Listening from the heart, listening from the future: Awakening female leadership
Listening is important. How we listen and what we habitually listen for shapes our perception of reality, our world view, the paradigm in which we operate and are given by. In other words, our listening shapes our consciousness, happiness, and the world around us.
Leaders who are willing to shift paradigms listen from (i) their hearts to understand their purpose through which to best contribute in line with their passion and talent, (ii) others to awaken a similar enquiry in them, and (iii) the world to become aware of the paradigms which determine the real challenges requiring our attention. It is really about listening from rather than to.
Who am I to say this? Listening from ourselves, from others, and from the future – as well as others’ listening from us – has been instrumental in my inquiry into who I really am and why I am here.
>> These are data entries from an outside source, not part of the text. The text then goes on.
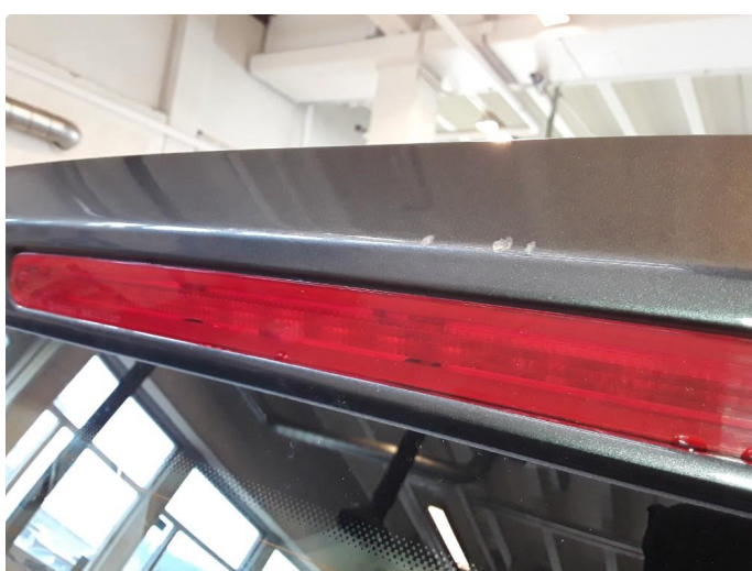
1.4 Noen riper øvre del av bakluke.
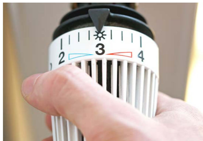
Dank Wärmepumpe vor dem Gebäude und Warmwasserspeicher im Keller kann die Umweltwärme nun zum Heizen genutzt werden. Bei anderen Gebäuden hat die BBG auch Dächer erneuert, Photovoltaik-Anlagen installiert und Bäder saniert.

In unseren vier Mehrfamilienhäusern in der Böblinger Achalmstraße haben wir ein ambitioniertes Ziel erreicht: die CO 2 -Emissionen der Gebäude deutlich zu senken. Dafür wurden in den vergangenen Monaten die alten Gasthermen durch ein innovatives Wärmepumpensystem ersetzt. Moderne Technik trifft hier auf durchdachte Planung: Eine Kombination aus Luft-Wasser-Wärmepumpen, Wasser-Wasser-Booster-Wärmepumpen und großzügigen Pufferspeichern sorgt für eine umweltfreundliche und effiziente Wärmeversorgung. Das System passt sich an die Außentemperaturen an und liefert zuverlässig Heizwärme und Warmwasser. Mit einer Leistung von bis zu 24 kW pro Haus und der Verwendung natürlicher Kältemittel setzt die Anlage neue Maßstäbe in Sachen Nachhaltigkeit.
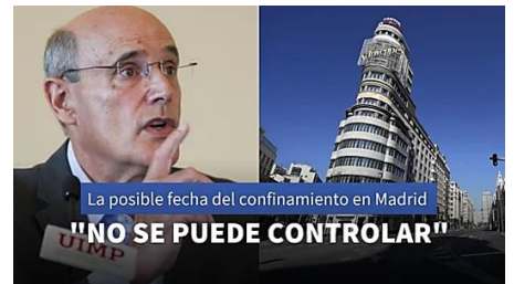
Un experto de la OMS pone fecha en Antena 3 al
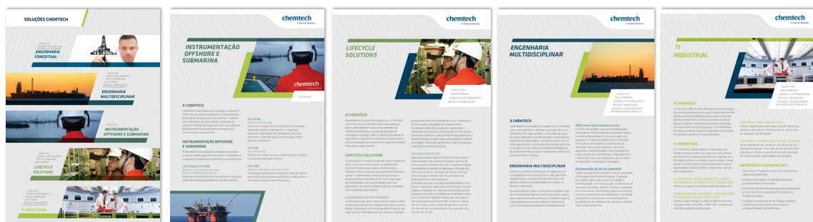
Material gráfico elaborado para reestruturação do portfólio da Chemtech

As cinco linhas de negócios atuais são estruturas catalisadoras de negócios, organizadas com o objetivo de aproximar a empresa das necessidades do mercado e apresentar suas soluções de maneira aderente, zelando sempre pela constante diferenciação e valorização da empresa.

Moreover, my stand motivated me to study, across geographies, successful, fulfilled female leaders who are making a difference to the world, and I have observed similar listening patterns in them.
Listening from the heart
Making a difference always meant a lot to me. However, proving to myself and to others that I was a smart person was still more important. By winning admission to Harvard Business School, I passed a personal milestone, but did not feel fulfilled. Instead, I felt empty and by no means smart enough. I had to redefine my game. For the first time in my life, I began to listen intentionally for what my heart had to say about my calling. My heart seemed silent, but it was not. I had to learn to listen first. In the end, someone else had to listen with me to hear what my heart has been calling for. Listening helped me learn about who I am and why I am here.
Listening from others – and their listening for us
Just like many other people who turned to a coach, I also required someone to talk and listen to me to be able to listen from my heart.
Listening from my heart in our conversations, I discovered a commitment to transforming the world through empowering people, in particular women, to lead happy, fulfilled lives and contribute at the level of their full potential. I want to inspire women to make a difference by believing in their personal power to contribute and to achieving things they never thought were possible in a powerful, authentic and feminine way.
However, the conversations did more than show me who I am. They allowed me to pursue my commitment. When others learn about you and your passion, through the power of conversations in which you openly share your passion from your heart, they can act with that knowledge in mind, and create opportunities for you to contribute to the world.
Listening from the future
Listening from the world is equally important for people to lead fulfilled lives. Looking at the world from a distance allows us to discover long-term patterns, which are shaping the planet. Going against the patterns is bound to lead to frustration. One needs to believe that what he is contributing to makes sense in the long term, that it fits in with the patterns.
At the time of writing this, the media are focusing on the financial crisis. If we only listen from the present, we can feel insecure and tend to focus on protecting ourselves and our closest ones. If, however, we take a step back and look at patterns, we will realize that we are witnessing a change of paradigm.
Lynne McTaggart famously described the current paradigm in her book The Bond. “This paradigm of competitive individualism offers us a view of life as a heroic struggle for dominion over hostile elements and a share of strictly limited resources. There is not enough out there, and others may be fitter than we are, so we have to do our damnedest to get a hold of it first.” The current crisis may be a harbinger of its end. Therefore, trying to fight the crisis may be like rearranging decks on the Titanic.
Because obstacles to human progress are cultural, not technical, I believe that we can accelerate the evolutionary process towards a new paradigm of greater diversity, greater interconnectivity and greater collaboration and cooperation. Such a paradigm would be more sustainable, as confirmed by Bernard Lietaer, a financier and economist, whose work on the sustainable ecosystem is grounded in the scientific and analytical. Lietaer argues that complex systems with too little diversity tend to be more efficient, and those with too much of it more resilient. Either extreme is unsustainable. For any system to be sustainable, it needs to lean more towards diversity, inteconnectivity and resilience (See Figure 1).
Figure 1. The "Window of Viability", in which all sustainable natural ecosystems operate. Complex natural ecosystems invariably operate within a fairly narrow range on each side of the Optimum point.
Making sense of it all
In its research, McKinsey & Company identified nine leadership behaviors which have a positive impact on companies’ performance. Four of them are critical in order to meet future global challenges and are underrepresented in today’s corporate environment. Of the four most critical behaviors, three (inspiration, participative decision making, expectations and rewards) are more often demonstrated by women.
Helping to increase diversity in the world by helping talented women realize their full potential makes me fulfilled. Listening from my heart, I know that this is my purpose. Listening from others, I feel the need in many to be given a helping hand in realizing their full potential. Listening from the world, I see the need for more diversity in the world, believing that this will help to make the world a more sustainable place.